FROM FUZZY SYSTEMS TO FUZZY NETWORKS


Professor Alexander Gegov
University of Portsmouth
School of Computing
Buckingham Building
Portsmouth PO1 3HE
United Kingdom
E-mail: alexander.gegov@port.ac.uk
http://userweb.port.ac.uk/~gegova/

Abstract: The lecture will present some novel ideas and results in fuzzy networks – an emerging research area that has been recently pioneered and promoted by the presenter. The most common attribute of a fuzzy system is a ‘black box’ model in the form of a single large rule base with poor transparency of the rules. As opposed to this, a fuzzy network is characterised by a ‘white box’ model in the form of multiple smaller rule bases with good transparency of the rules. Also, a fuzzy network is a more accurate model of a complex process than a fuzzy system due to the ability of the multiple smaller rule bases to reflect explicitly all subprocesses and the interactions among them. This superiority in terms of improved transparency and higher accuracy does not come at the expense of reduced efficiency as any fuzzy network can be transformed into an equivalent fuzzy system entirely off-line.

The following topics will be highlighted in the lecture:

  • capabilities of fuzzy logic, fuzzy systems and fuzzy networks to deal with uncertainty, non-linearity and topology in complex systems,

  • problems of fuzzy rule based systems,

  • foundations of fuzzy rule base networks,

  • mathematical modelling of nodes and connections in fuzzy networks by means of Boolean matrices, binary relations, incidence matrices and adjacency matrices,

  • formal operations in fuzzy networks such as horizontal, vertical and output merging and splitting of nodes,

  • structural properties of fuzzy networks such as associativity of horizontal, vertical and output merging and permutability of output splitting,

  • analysis and synthesis of feedforward and feedback fuzzy networks,

  • comparison between fuzzy networks and fuzzy systems in terms of accuracy, efficiency and transparancy,

  • theoretical importance, application areas, future developments and related research for fuzzy networks.

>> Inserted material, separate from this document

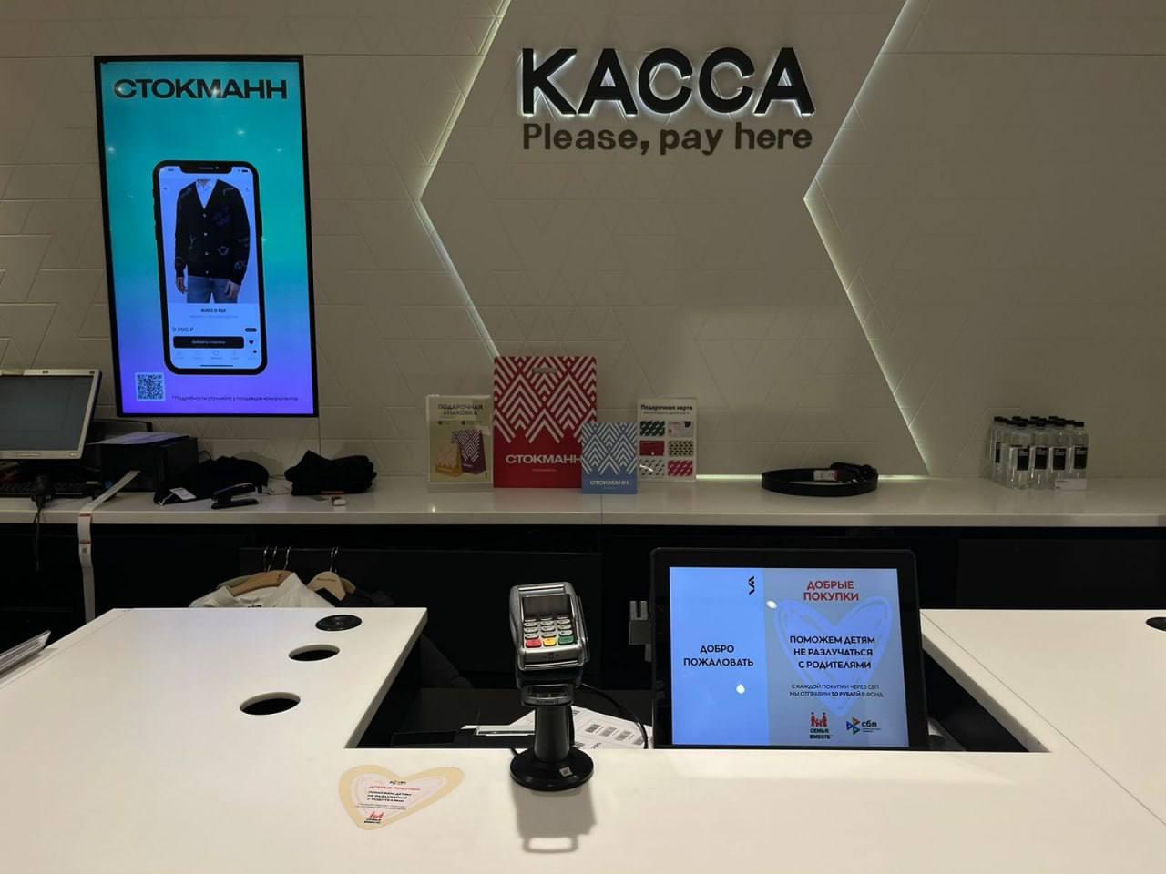 «СТОКМАНН» запустил благотворительный проект с фондом «Семья вместе» и СБП. По правилам проекта «Добрые покупки» 50 рублей с каждой оплаты через СБП в универмаге идут на поддержку инициатив фонда «Семья вместе». Приобретая нужное для себя и своих близких, покупатели помогают детям не разлучаться с родителями во время лечения. Проект был запущен летом 2023 года в пилотном режиме в ограниченном количестве универмагов. По итогам года было совершено более 24 тысяч транзакций по системе СПБ и перечислено 1 219 800 рублей в фонд.

    Brief Biography of the Speaker:
    Alexander Gegov is Senior Lecturer in the School of Computing at the University of Portsmouth. He holds a PhD in Control Systems and a DSc in Intelligent Systems – both from the Bulgarian Academy of Sciences. His research interests are in the theory of computational intelligence and complex systems as well as their application for modelling, simulation and control in areas such as transport networks and the environment. He has published his main research results in complex systems in a number of international journals such as the International Journal of Control and Systems & Control Letters. He is also the sole author of two books – the first one in the Kluwer Series in Intelligent Technologies in 1996 and the second one in the Springer Series in Fuzziness and Soft Computing in 2007. He has been reviewing papers for a number of journals in computational intelligence such as IEEE Transactions on Fuzzy Systems and the International Journal of Fuzzy Sets and Systems as well as research proposals to the Australian Research Council. He was first prize winner for young researchers of the Bulgarian Union of Scientists in 1996, invited lecturer to the NATO Advanced Study Institute on Soft Computing in 1997 and invited presenter at the House of Commons Conference on Promoting Britain’s Young Researchers in 2000. He was also tutorial presenter at the IEEE International Conference in Fuzzy Systems in 2007 and invited lecturer at the EPSRC Summer School in Complexity Science in 2007. He has been affiliate of the International Federation of Automatic Control (IFAC) since 1991 and member of the European Society for Fuzzy Logic and Technology (EUSFLAT) since 2001.